Copy out the data below from the line containing "Boat with hardtop and semi-enclosed cabin" to the line containing "Календарь листовой настенный", both lines included, with all images left out.

## MATERIAL PROVIDED

----------

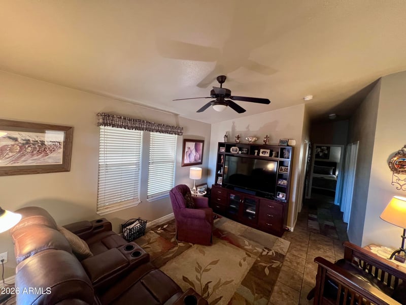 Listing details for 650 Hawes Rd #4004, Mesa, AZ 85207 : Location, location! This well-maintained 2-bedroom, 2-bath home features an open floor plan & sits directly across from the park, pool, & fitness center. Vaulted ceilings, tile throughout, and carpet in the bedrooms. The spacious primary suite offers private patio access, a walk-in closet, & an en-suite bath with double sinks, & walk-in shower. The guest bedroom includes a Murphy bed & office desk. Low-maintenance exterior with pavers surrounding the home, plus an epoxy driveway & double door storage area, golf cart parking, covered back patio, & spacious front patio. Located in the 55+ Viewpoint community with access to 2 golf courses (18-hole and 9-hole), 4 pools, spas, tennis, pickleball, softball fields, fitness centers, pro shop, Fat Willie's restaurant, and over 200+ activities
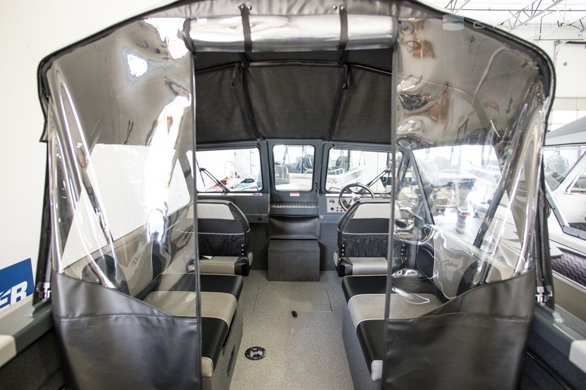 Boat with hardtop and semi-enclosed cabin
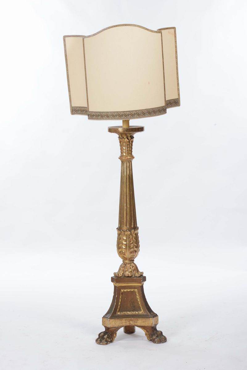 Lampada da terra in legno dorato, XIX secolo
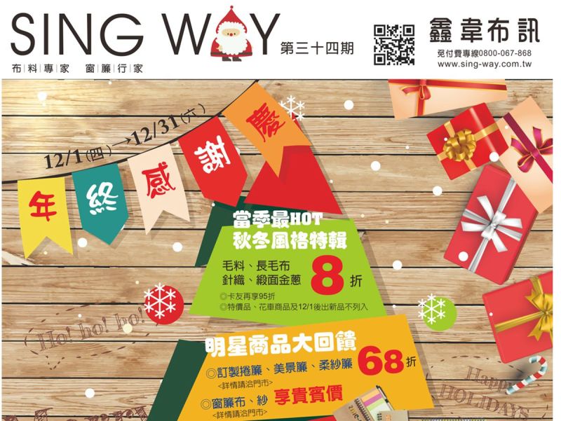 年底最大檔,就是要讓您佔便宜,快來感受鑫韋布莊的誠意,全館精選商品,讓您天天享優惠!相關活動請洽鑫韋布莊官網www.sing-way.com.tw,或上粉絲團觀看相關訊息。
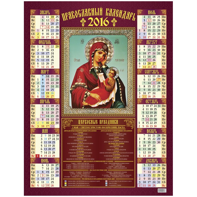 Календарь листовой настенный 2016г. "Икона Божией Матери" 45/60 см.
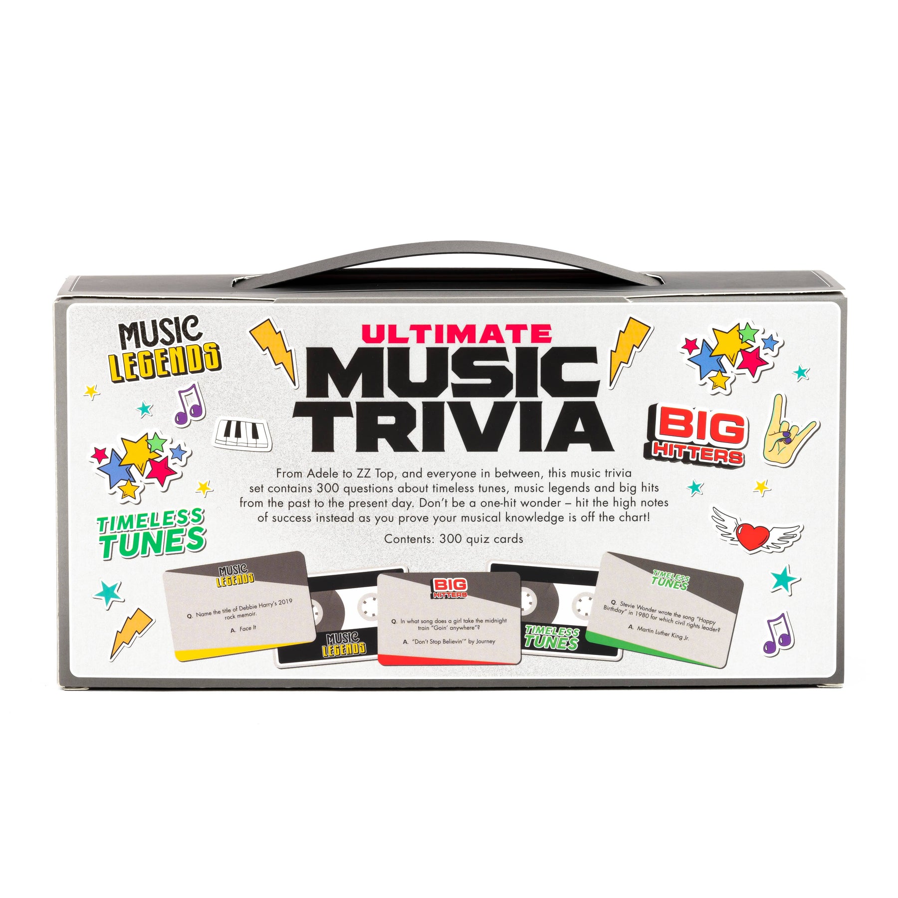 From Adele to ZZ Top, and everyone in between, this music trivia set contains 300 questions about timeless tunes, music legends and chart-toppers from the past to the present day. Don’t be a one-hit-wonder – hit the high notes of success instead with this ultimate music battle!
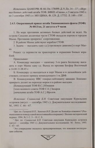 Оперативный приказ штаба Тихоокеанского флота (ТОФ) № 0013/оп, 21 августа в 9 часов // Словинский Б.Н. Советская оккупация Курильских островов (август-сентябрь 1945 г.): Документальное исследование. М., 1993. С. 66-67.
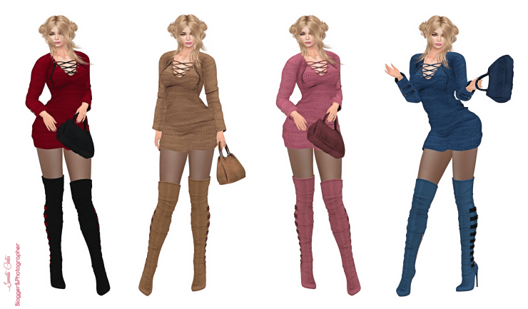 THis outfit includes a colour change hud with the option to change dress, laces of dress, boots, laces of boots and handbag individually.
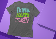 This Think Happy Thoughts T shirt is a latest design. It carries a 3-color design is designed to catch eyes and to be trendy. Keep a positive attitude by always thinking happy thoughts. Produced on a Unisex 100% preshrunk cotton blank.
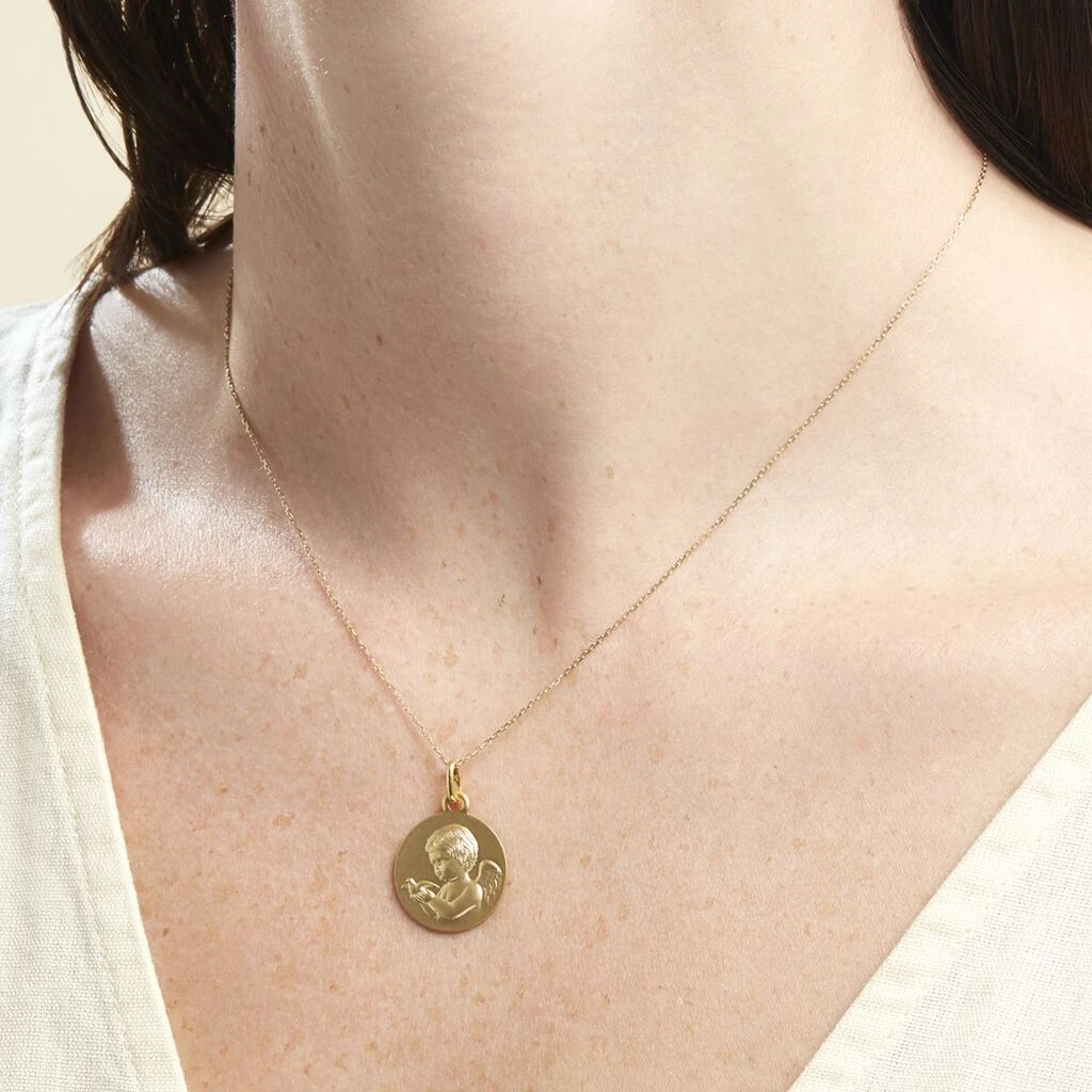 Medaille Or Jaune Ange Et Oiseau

----------

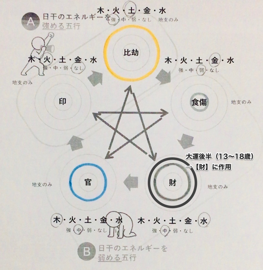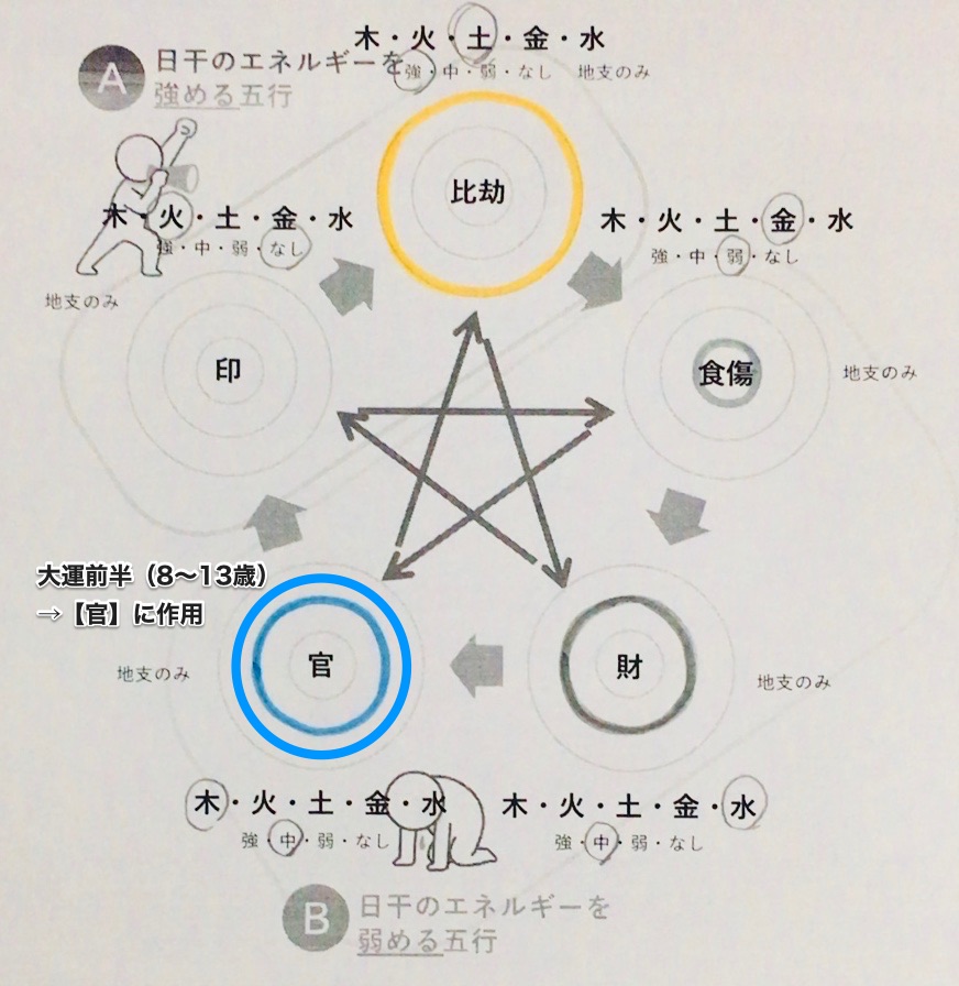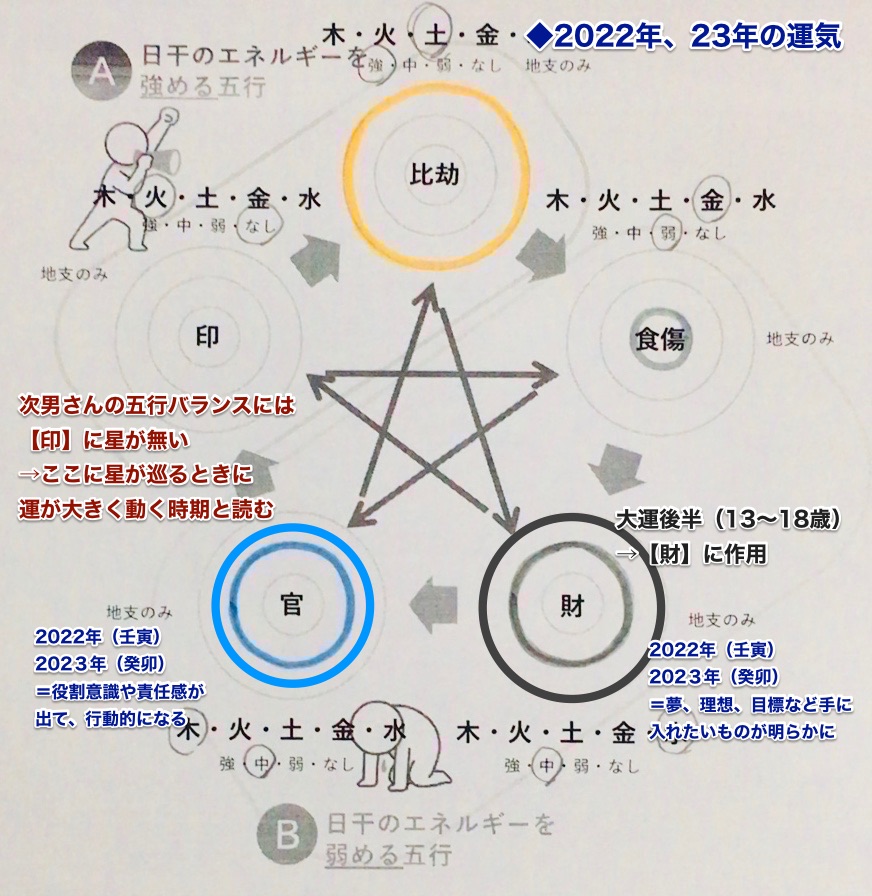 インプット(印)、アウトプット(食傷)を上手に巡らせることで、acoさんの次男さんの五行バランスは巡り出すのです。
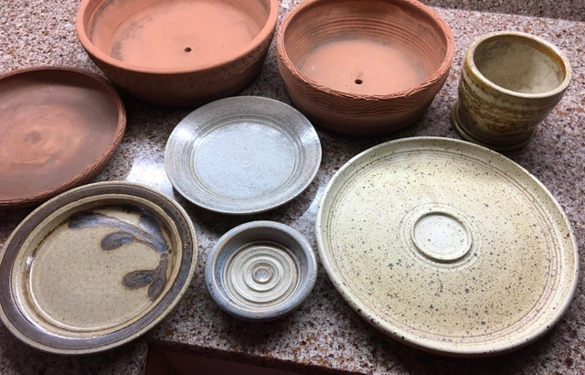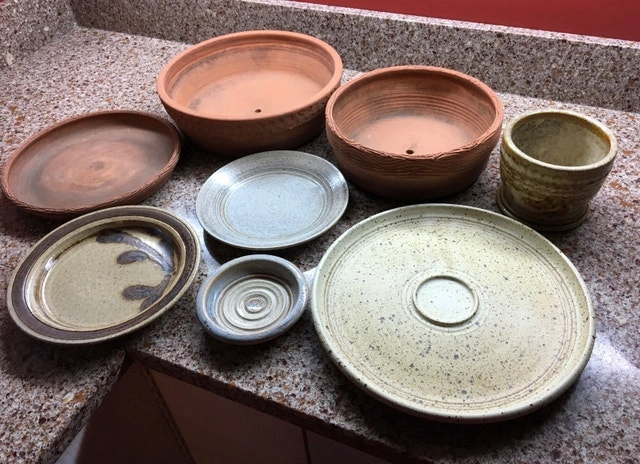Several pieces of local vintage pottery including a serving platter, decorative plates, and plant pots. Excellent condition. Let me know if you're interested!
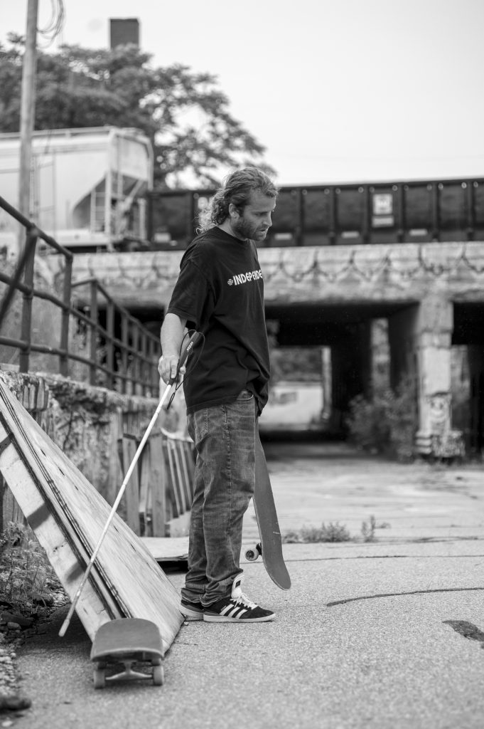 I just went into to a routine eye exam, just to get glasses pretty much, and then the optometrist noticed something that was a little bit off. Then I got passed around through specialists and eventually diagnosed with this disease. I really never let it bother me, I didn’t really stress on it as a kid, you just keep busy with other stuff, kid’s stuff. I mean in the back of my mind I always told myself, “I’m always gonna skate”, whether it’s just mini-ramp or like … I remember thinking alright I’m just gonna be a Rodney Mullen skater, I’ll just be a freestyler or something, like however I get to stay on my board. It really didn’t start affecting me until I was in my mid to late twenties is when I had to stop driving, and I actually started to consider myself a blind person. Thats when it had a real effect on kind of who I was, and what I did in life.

----------

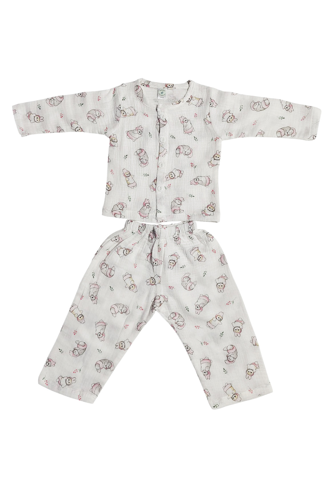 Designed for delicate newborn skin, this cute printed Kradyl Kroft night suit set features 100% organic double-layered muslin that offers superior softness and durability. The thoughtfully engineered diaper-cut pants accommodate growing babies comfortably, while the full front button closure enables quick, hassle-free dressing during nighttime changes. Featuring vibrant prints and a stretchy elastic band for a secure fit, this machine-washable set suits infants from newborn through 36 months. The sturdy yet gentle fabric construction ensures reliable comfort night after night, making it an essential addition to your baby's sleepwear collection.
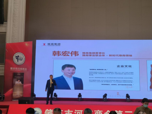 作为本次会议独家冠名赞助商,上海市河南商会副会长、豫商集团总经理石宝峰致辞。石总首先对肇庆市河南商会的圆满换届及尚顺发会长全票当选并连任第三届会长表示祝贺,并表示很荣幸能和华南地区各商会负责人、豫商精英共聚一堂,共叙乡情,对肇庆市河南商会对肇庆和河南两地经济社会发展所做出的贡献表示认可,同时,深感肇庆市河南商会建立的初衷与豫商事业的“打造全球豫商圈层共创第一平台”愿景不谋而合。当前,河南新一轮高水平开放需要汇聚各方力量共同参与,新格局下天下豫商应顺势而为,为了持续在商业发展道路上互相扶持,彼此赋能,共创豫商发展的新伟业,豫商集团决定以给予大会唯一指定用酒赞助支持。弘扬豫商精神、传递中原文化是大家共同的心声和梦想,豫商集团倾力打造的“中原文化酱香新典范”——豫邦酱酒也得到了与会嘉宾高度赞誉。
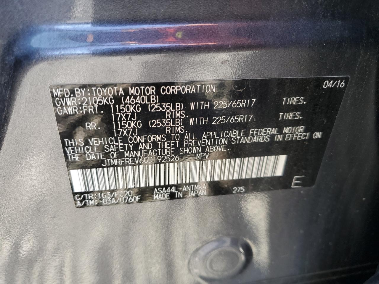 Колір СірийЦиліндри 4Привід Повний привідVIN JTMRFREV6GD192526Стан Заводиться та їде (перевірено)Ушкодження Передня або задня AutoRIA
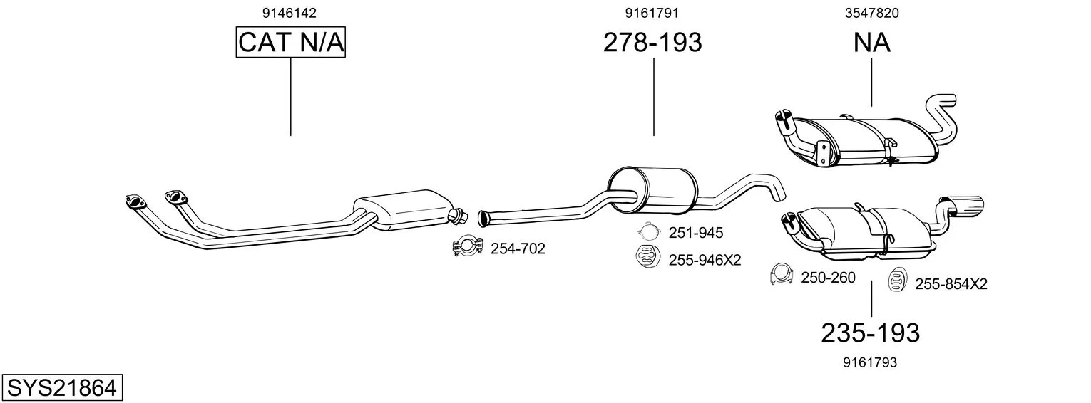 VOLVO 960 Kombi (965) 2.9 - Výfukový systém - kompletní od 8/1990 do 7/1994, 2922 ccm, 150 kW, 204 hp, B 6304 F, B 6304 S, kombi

----------

## FINISHED TASK
 Boat with hardtop and semi-enclosed cabin
 Lampada da terra in legno dorato, XIX secolo
 年底最大檔,就是要讓您佔便宜,快來感受鑫韋布莊的誠意,全館精選商品,讓您天天享優惠!相關活動請洽鑫韋布莊官網www.sing-way.com.tw,或上粉絲團觀看相關訊息。
 Календарь листовой настенный 2016г. "Икона Божией Матери" 45/60 см.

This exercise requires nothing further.